The usage of ultrasound tongue imaging (UTI) in second language (L2) speech sound remediation and learning has gained a significant amount of interest in recent years (Bliss, Abel & Gick, (2018); Kocjančič Antolík, 2020).
UTI is a safe, non-invasive, and user-friendly method of visualizing tongue in real-time while speaking (Stone, 2005). It captures a midsagittal or coronal view of the tongue and allows visualizing the tongue shape, position, and movement.

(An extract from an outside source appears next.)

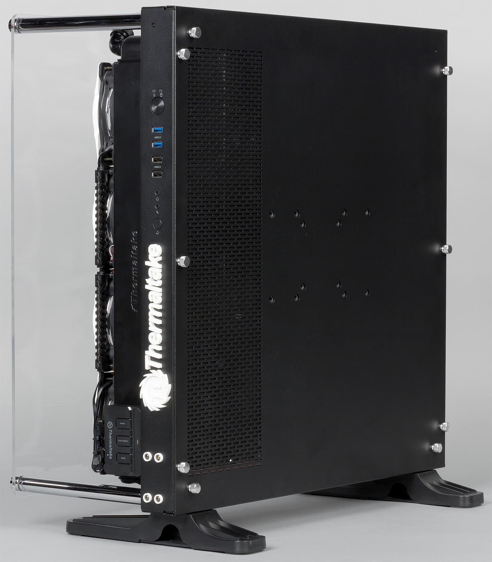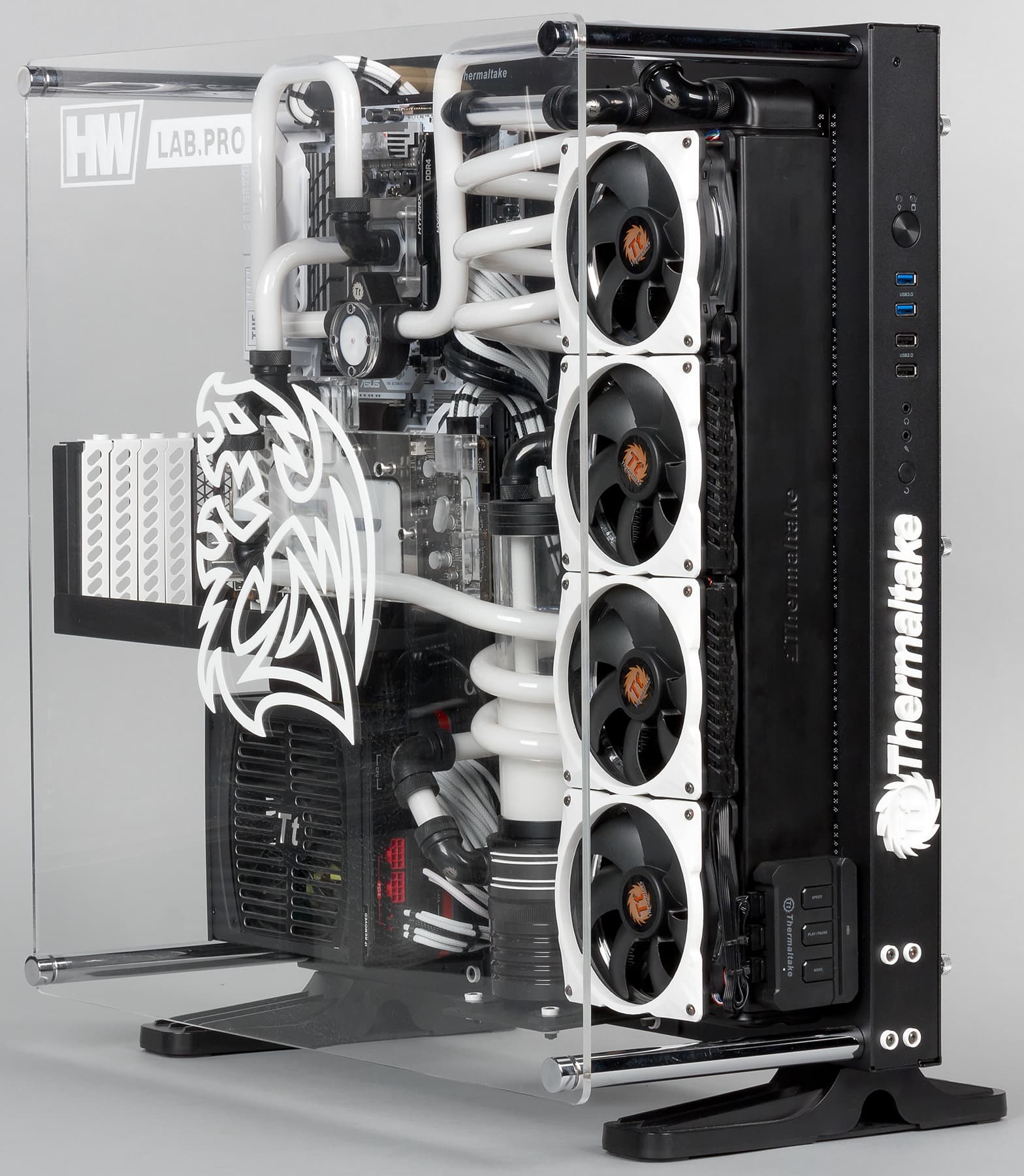 Компьютер, о котором пойдет речь в этой статье, настолько необычен и эксклюзивен, что не имеет даже названия. Этот компьютер был собран компанией HWLab.pro по заказу Thermaltake специально для прошедшей выставки Игромир и демонстрировался на стенде Thermaltake. Задача проекта заключалась в том, чтобы наглядно продемонстрировать новые решения Thermaltake в системах водяного охлаждения. У нас появилась возможность познакомиться с этим необычным ПК, существующим в единственном экземпляре, поближе, и для начала предлагаем посмотреть наш видеообзор игрового компьютера компании HWLab.pro:

An ultrasound probe, placed under the speaker’s chin, emits high-frequency sound waves that travel straight upwards from the probe through the chin and tongue tissue. At a boundary of two media with different density, the waves are reflected and travel back to the probe. Based on the time spent between the emission and the reception of the wave, and the information about the density of human tissue, the point of reflection is calculated and marked on an image as a bright point. In the case of tongue imaging, the reflection boundary is represented by the tongue surface and air above it or the tongue surface and bone, when the tongue touches the hard palate. Importantly, when the tongue tip is raised, an air pocket is created bellow it and the emitted ultrasound waves get reflected at the boundary of chin tissue and this air pocket, and cannot reach the tongue tip. For this reason, UTI cannot be used to reliably determine the exact tongue tip in the created images.

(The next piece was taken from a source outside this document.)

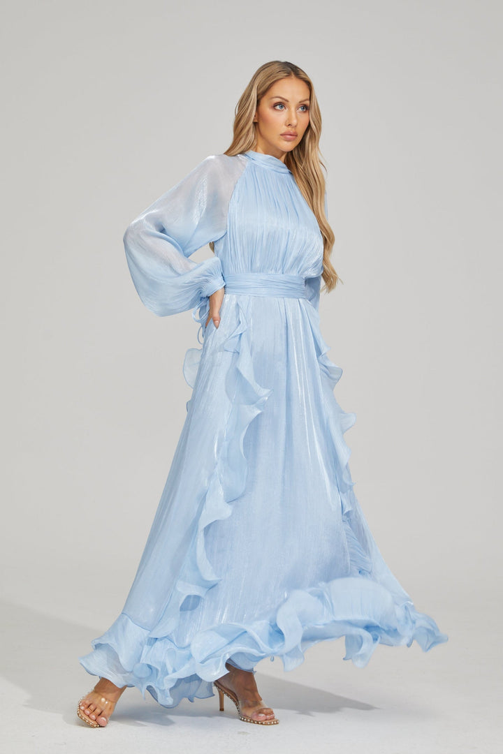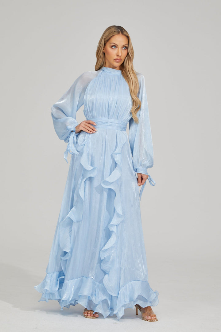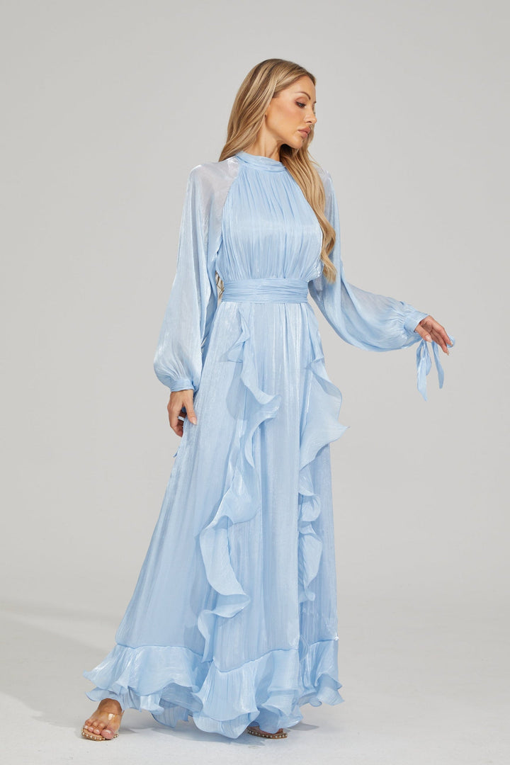 Zarafeti oyunbaz bir dokunuşla seven kadınlar için tasarlanan Blue Noir Fırfırlı Maxi Elbise, etek ve kollarındaki akıcı fırfır detaylarıyla hafif ve zarif bir etki yaratır. Hafif pileli korsajı ve kloş etek kesimi, elbiseye zamansız bir şıklık kazandırırken, belden oturan formu vücut hatlarını zarifçe ön plana çıkarır. Kol manşetlerindeki ince kurdele bağcıkları, feminenliğe ekstra bir çekicilik katarken; ister resmi bir davette, ister bahçe partisinde ya da özel bir gecede, sizi zahmetsiz zarafetle öne çıkarır.

UTI allows observing tongue surface in two views: midsagittal and coronal. The view is changed simply by turning the probe by 90˚. In both views, the resulting images show a bright curve and the lower edge of this curve represents the tongue surface.
Midsagittal view (on the left in Figure 1) shows the tongue as viewed from the side of the head. The white curve in the image corresponds to the tongue surface from the front (on the right side of the image) to the back (on the left side of the image) of the oral cavity.
The coronal view (on the right in Figure 1) shows the tongue as viewed from the front of the head. The white curve corresponds to the tongue surface from one side of the tongue to the other.
Figure 1. Ultrasound images of the tongue. Left image: midsagittal view with the front of the tongue on the right side of the image. Right image: coronal view.
As seen in Figure 1, UTI images only tongue surface and no other structures in the oral cavity. The midsagittal image is typically limited by the shadows created by the jaw and the hyoid bones, while the coronal image is limited by the jaw bone only. The images also contain various gray-scaled areas representing less prominent points of ultrasound wave reflections due to tissue structure (such as muscles, fat cells).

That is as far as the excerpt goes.